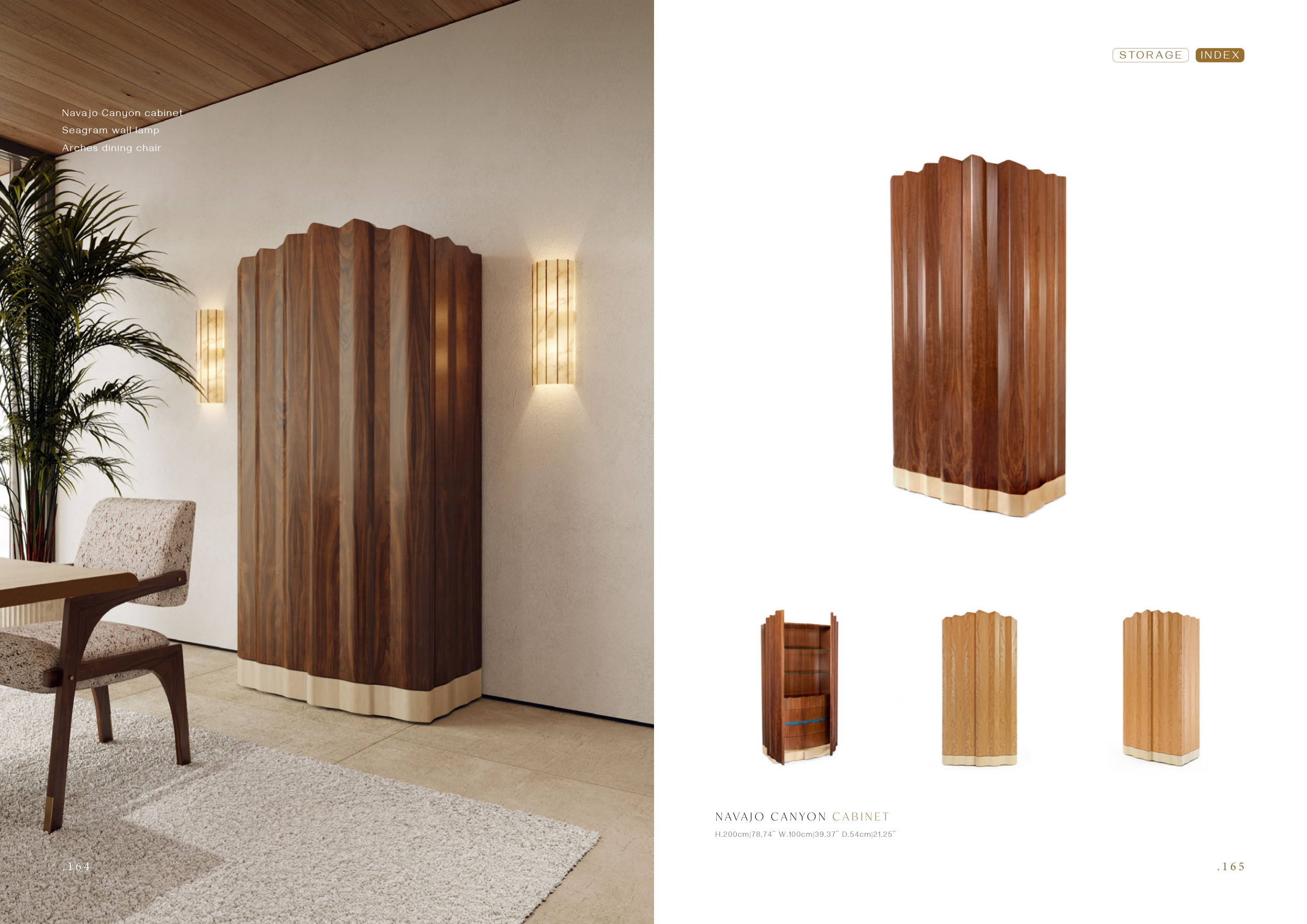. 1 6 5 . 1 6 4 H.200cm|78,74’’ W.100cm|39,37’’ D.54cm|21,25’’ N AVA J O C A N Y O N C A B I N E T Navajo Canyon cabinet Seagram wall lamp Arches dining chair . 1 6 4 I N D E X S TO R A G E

--

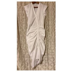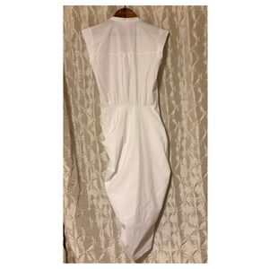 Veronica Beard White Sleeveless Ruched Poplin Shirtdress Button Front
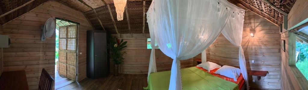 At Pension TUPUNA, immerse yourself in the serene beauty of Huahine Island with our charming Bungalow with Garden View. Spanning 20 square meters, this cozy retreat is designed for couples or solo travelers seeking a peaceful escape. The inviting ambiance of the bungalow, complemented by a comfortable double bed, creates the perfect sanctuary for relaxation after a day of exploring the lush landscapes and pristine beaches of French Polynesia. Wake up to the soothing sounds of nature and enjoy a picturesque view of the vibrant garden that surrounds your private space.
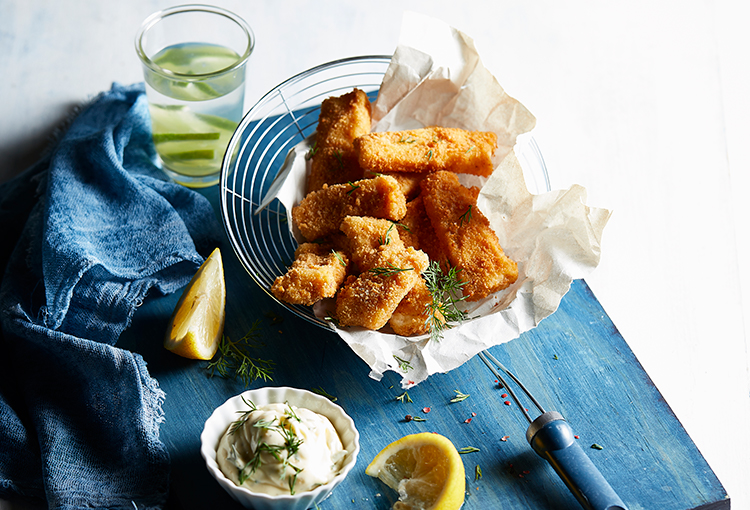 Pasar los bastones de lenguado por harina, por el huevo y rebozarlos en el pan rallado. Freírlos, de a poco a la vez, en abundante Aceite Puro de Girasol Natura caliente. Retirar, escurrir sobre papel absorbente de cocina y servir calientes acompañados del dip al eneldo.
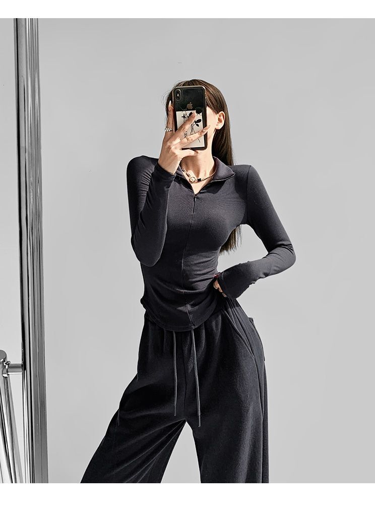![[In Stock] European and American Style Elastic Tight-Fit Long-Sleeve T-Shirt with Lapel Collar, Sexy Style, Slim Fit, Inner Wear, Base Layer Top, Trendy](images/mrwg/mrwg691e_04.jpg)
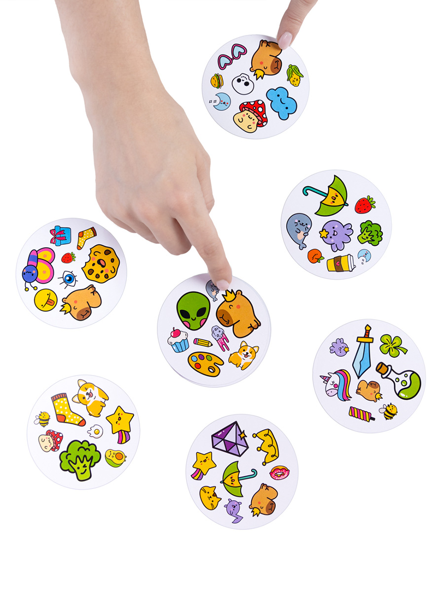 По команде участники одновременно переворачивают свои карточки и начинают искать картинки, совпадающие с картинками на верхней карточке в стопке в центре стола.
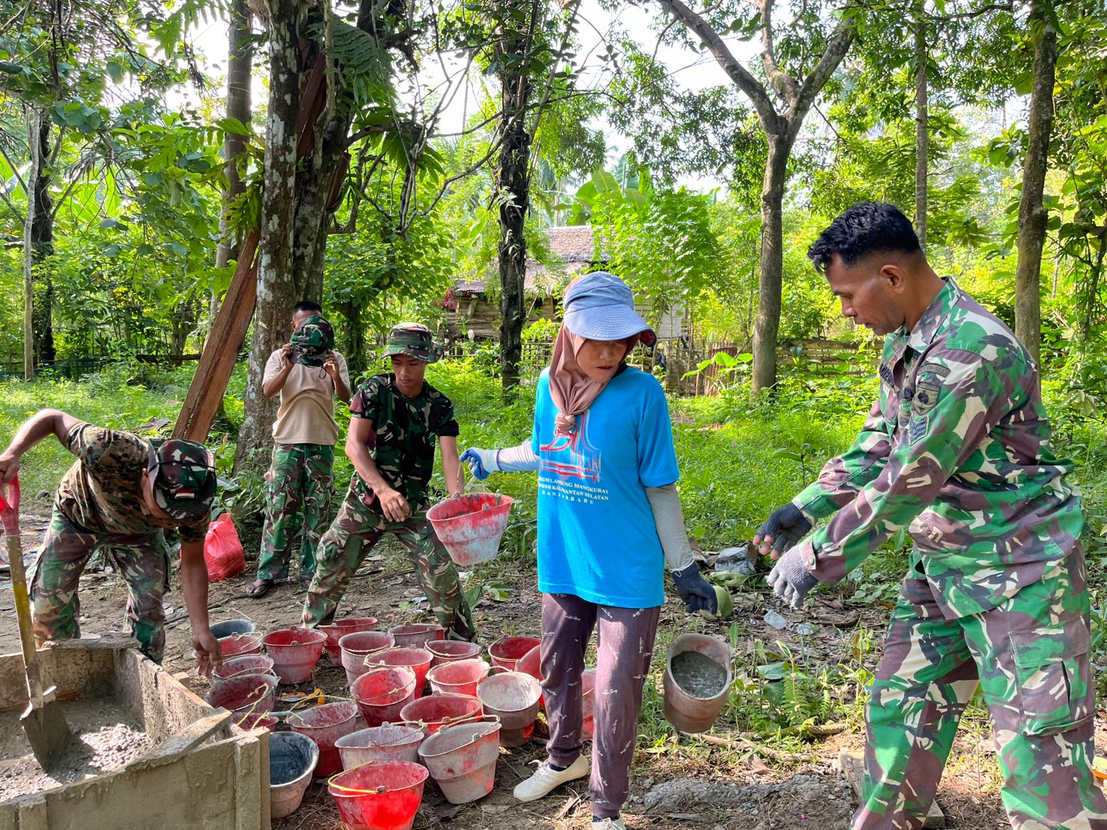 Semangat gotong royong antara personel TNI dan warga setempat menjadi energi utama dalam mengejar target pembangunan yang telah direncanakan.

Work request: Among the entries above, take the lines from the one with "По команде участники" through the one with "Semangat gotong royong" and retype them exactly, leaving out the pictures.

Result below:
 По команде участники одновременно переворачивают свои карточки и начинают искать картинки, совпадающие с картинками на верхней карточке в стопке в центре стола.
 Semangat gotong royong antara personel TNI dan warga setempat menjadi energi utama dalam mengejar target pembangunan yang telah direncanakan.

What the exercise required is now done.